12歳だったそうですが、糖尿病で薬を飲んでいたのだとか。私の家でも犬を二代に渡って飼っていましたが、最初の犬の餌は、ご飯にイリコを入れて味噌汁をぶっかけたいわゆる(言い方が変ですが)“猫飯”でした。今は「餌」なんて言い方も反発を招くそうですが、そんな時代でしたので、犬が(血糖値を下げる?)糖尿病の薬を飲むという話に驚きました。聞けば、人間と同じ薬だそうです。同じ哺乳類とは言え、犬のような体重の軽い個体に、人間用の薬を処方してホントに大丈夫なのかと思いました。
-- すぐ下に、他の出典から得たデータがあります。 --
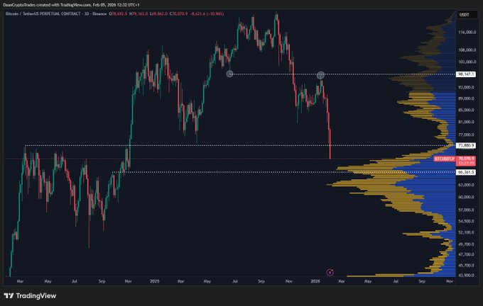 $BTC $74K 구간은 오래 버티지 못했네. 이제 트럼프 당선 전 2024년 가격대까지 다시 내려왔어. 여기서 가격 움직임은 꽤나 변동성이 컸고, BTC가 이 구간에서 약 8개월 정도 머물렀지. 지금은 어디서 횡보가 멈추는지 지켜보는 게 최선이야. 고점 거래량 구간이 어디서 지지가 나올지 대략 알려줄 수 있어. 내 전략은 변함없어. 알트엔 관심 없고, 트레이딩도 적극적으로 안 해. 가격이 더 떨어질 때마다 BTC 위주로 천천히 분할 매수 중이야. 키워드: 천천히.
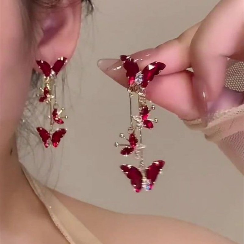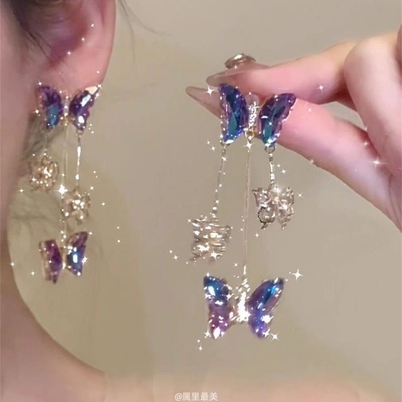 FIXOOFIX轻奢水钻蝴蝶耳环紫色高级感耳坠小众设计感气质耳钉耳饰
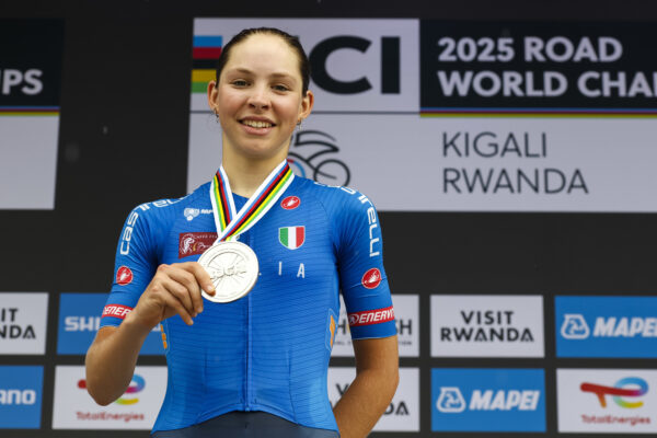 Terzo podio per l’Italia ai Mondiali in Ruanda. Dopo il bronzo conquistato da Federica Venturelli nella cronometro Under 23 e il trionfo di Lorenzo Finn nella prova in linea di categoria, è arrivato anche l’argento di Chantal Pegolo tra le juniores. Una prestazione corale straordinaria, con ben tre azzurre in lotta per le medaglie fino all’ultimo giro. L’oro è andato alla spagnola Paula Ostiz. Terza Anja Grossman, quinto posto per Giada Silo, che non ha retto i metri finali.

愛犬はいつも玄関に座って帰りを待っていたそうで、「忠犬ハチ公みたいな感じだった」と言っていました。でも、そうすれば頭を撫でられて餌を貰えることを学習したからでしょう。犬がそうしたのではなく、飼い主がそうしむけただけです。
実家で飼っていた最初の犬は、近くの山で拾って来た野犬の子どもでした。小学生のとき作文にも書いて、結構評判になり賞を貰いました。さすがに最近は見なくなりましたが、しばらくは夢にも出て来ました。
次の犬は、他所から貰ってきた柴犬で、そのときは既にペットフードに代わっていました。世話していた母親は、半生の餌しか食べないと言っていました。
亡くなったのは、私が二度目の上京をしたあとで、早朝4時くらいに突然、母親から「今××(犬の名前)が死んだんだよ」と半泣きの声で電話がかかってきたのを覚えています。
最初の犬の死骸は、(はっきりした記憶はないのですが)おそらく裏の柿の木の下に埋めたのではないかと思います。次の犬はペット専用の火葬屋に頼んで火葬して、その骨をやはり柿の木の下に埋めたみたいです。でも、そこは既に人手に渡り今は駐車場になっています。
犬が家族の一員で、いつまでも思い出の中に残るというのはよくわかります。私は子どもの頃、犬に追いかけられ木に登って難を逃れたトラウマがあるので、他人の犬は噛みつかれるようで怖いのですが、しかし、自分の家の犬は可愛いと思ったし、よく可愛がっていました。
■ウエストランドの井口
知り合いは、愛犬が亡くなって以来、YouTubeで犬の動画を観て心を癒しているそうです。
と、私は、YouTubeと聞いて、まるで心の糸が切れたように、突然、ウエストランドの井口みたいな口調で、まくし立てはじめたのでした。
「あんなのはヤラセみたいなもんだろ」と私。
「エエッ、そんなことはないよ」
「だってよ、猫を拾って来て『こんなに変わった』『今や家族の一員』『いつまでも一緒』なんてタイトルでYouTubeに上げると、すぐ百万回再生するんだぜ。コメント欄も『ありがとうございます』『ネコちゃんも好い人に巡り会えて幸せですね』なんてコメントで溢れる。こんな美味しいコンテンツはないだろ」
「そんな‥‥」
「登山系ユーチューバーなんか見て見ろよ。あんなにお金をかけて、スキルもないのに無理して山に登っても、よくて数万しか行かない。ほとんどは数千、数百のクラスだ。それが猫を拾ってくれば百万も夢じゃない」
「たしかに猫を保護したという動画がやたら多いけど‥‥」
「猫だけじゃない保護犬の動画も多い」
「今やYouTubeは趣味じゃない。Googleから広告料の配当を得るためにやっている。お金のためだよ」
「‥‥」
「素人は盗品やニセモノをメルカリで平気で売る。お金のためなら何でもするのが素人だ」
「炎上系は論外としても、たとえば、外国人が日本の食べ物や景色に感動した、『恋した』『涙した』という一連の動画がある。あれもテレビの『ニッポン行きたい人応援団』のような『ニッポン、凄い!』の延長上にあるもので、単細胞な日本人を相手にするのにこれほど手っ取り早く美味しいコンテンツはない。したたかな外国人にいいように利用されているだけだよ。犬・猫もそれと似たようなもんだろ」
そこまで話したら、「忙しいから」と電話を切られてしまいました。